Optionally you can configure settings of your query

https://googleapis.dev/python/bigquery/latest/generated/google.cloud.bigquery.job.QueryJobConfig.html

    settings = bigquery.QueryJobConfig(setting1=value, setting2=value, ...., )

Note: dry_run = True. This setting is very useful in the beginning: instead of actually running the survey, it estimates its processing and billing costs. 

In [37]:
# Example query
query = """
    SELECT name, SUM(number) as total_people
    FROM `bigquery-public-data.usa_names.usa_1910_2013`
    WHERE state = 'TX'
    GROUP BY name, state
    ORDER BY total_people DESC
    LIMIT 10
"""

In [38]:
# Before actually executing the query, let's check its processing costs
settings = bigquery.QueryJobConfig(dry_run = True) 
job = client.query(query, job_config=settings)
print("Total GB that will be processed: ", job.total_bytes_processed/1000000000)
print("Bytes billed: ", job.total_bytes_billed)

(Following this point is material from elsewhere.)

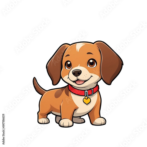 Cute Childish Kawaii Street Dog Puppy Character Sticker Standing with Big Round Eyes, Patchy Fur, and Playful Expression, Thick Black Outline, Thick White Offset, Generative AI.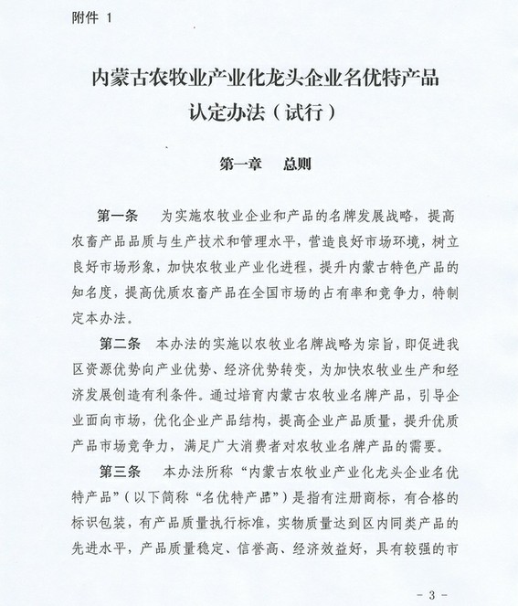 關(guān)于印發(fā)《內(nèi)蒙古農(nóng)牧業(yè)產(chǎn)業(yè)化龍頭企業(yè)名優(yōu)特產(chǎn)品認定辦法》的通知

Total GB that will be processed:  0.110355534
Bytes billed:  0


In [39]:
# Now let's run the query and convert the results to a dataframe
job = client.query(query)  # Make an API request
job.to_dataframe()

Unnamed: 0,name,total_people
0,James,272793
1,John,235139
2,Michael,225320
3,Robert,220399
4,David,219028
5,Mary,209893
6,William,173092
7,Jose,157362
8,Christopher,144196
9,Maria,131056